Which type of TBD do you see most often in your audits — pricing, features, or social proof?
Spot on analysis. 'Founders read it as transparency, visitors read it as a lack of thought' is the perfect way to frame that asymmetry.
To answer your question: I actually see Social Proof TBD (like empty placeholder testimonial cards saying 'John Doe, CEO') and Pricing TBD the most. Pricing is a absolute conversion killer because the brain instantly defaults to 'this is going to be way too expensive for me.'
You're so right about the GTFO reaction too—it’s pure launch anxiety manifested on a webpage! Appreciate the killer insights here.
Social proof TBD is such a good catch - the 'John Doe, CEO' placeholder is almost worse than having no testimonials at all because it signals the founder knows they need them but couldn't be bothered to get real ones. At least empty space is honest.
Pricing TBD is the one I keep seeing on SaaS tools mid-launch. The "contact us for pricing" move that reads as 'we'll charge you whatever we think you can afford.' Kills momentum instantly.
What's your take - do founders usually push back when you flag these, or do they already know?
The TBD trap is real but it's the visible tip of a bigger pattern — landing pages shipped before the product is real enough to talk about specifically. "TBD" is just the most obvious artifact. Same trap shows up as "coming soon" badges, placeholder testimonials, vague "trusted by teams everywhere" claims, fake user counts dressed up as social proof.
The pattern we see at Hivemind across landing page audits: founders ship the page when the product exists, then spend 6 months wondering why traffic doesn't convert. The fix isn't fewer TBDs, it's waiting until you have one real customer story, one real result, one real screenshot. A landing page built around one real proof point outconverts a polished page built around imagined ones every time.
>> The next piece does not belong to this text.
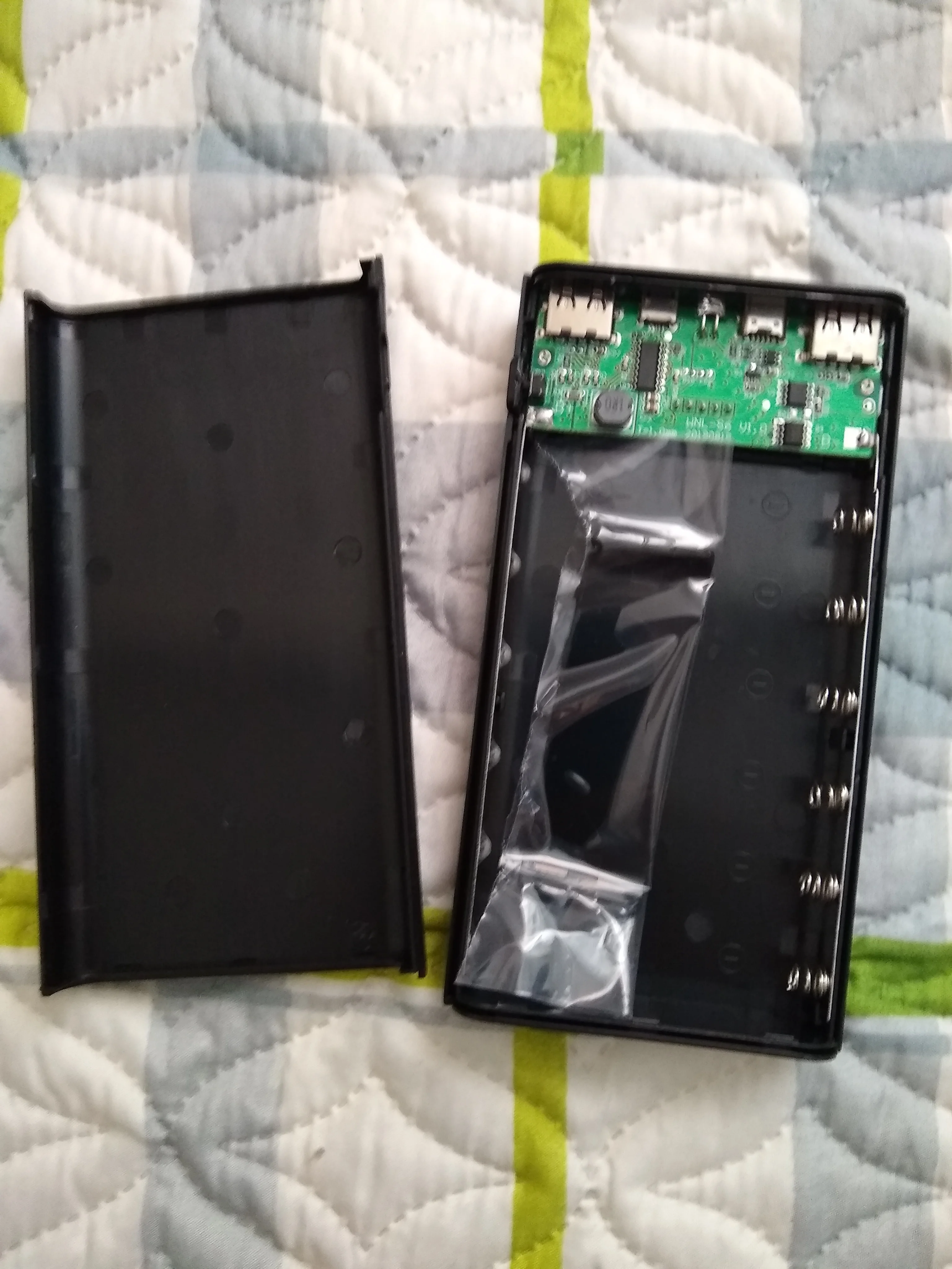 Очень быстрая отправка и доставка в Донецк! Пластик хорошо выглядит, без запаха. Пока поставил 4 аккумулятора от предыдущего PowerBank, на замену которому и покупал этот. В данный момент заряжается, скорость заряда примерно 1% в минуту. Фонарик работает ;) Возможно, потом дополню отзыв по результатам эксплуатации

The founder telling you to GTFO is the tell, by the way. Defensive reaction to a logic critique usually means the founder already knew and didn't want to fix it.
Spot on. I’ve started calling these 'Ghost Headlines'—copy built for a user that doesn't exist yet.
The 'GTFO' reaction usually happens because the critique hits the 'Truth Gap' between what they built and what they're claiming.
I see this 'Hallucinated Proof' in almost every audit. I actually moved my tool to $19 unlimited access specifically so founders can test, go find that one real proof point/screenshot you mentioned, and re-audit immediately without the friction of paying twice.
If anyone here is stuck in the 'TBD Trap,' drop your URL. I’ll show you which 'imagined' point is killing your trust.
The deeper reason founders default to TBD: they genuinely have not decided yet, and the landing page is live before the thinking is done. The fix is not just removing the placeholder - it is making the decision. If the price is unclear, pick a number and test it. If a feature is not built, either leave it off the page or name a specific date. Visitors do not mind uncertainty when it is communicated honestly. They do mind when they can feel the founder hiding it behind vague language. TBD reads as I have not thought about this yet - and makes visitors wonder what else has not been thought through.
The deeper reason founders default to 'TBD': they genuinely haven't decided yet, and the landing page is live before the thinking is done.
The fix isn't just 'remove TBD' - it's making the decision. If you're unsure of the price, pick a number and test it. If a feature isn't built yet, either leave it off or name a specific date ('Q3 2026'), not 'coming soon.'
Visitors don't mind uncertainty when it's communicated honestly. They do mind when they can feel the founder is uncertain and hiding it behind vague language. 'TBD' reads as 'I haven't thought about this yet' - and makes them wonder what else hasn't been thought through.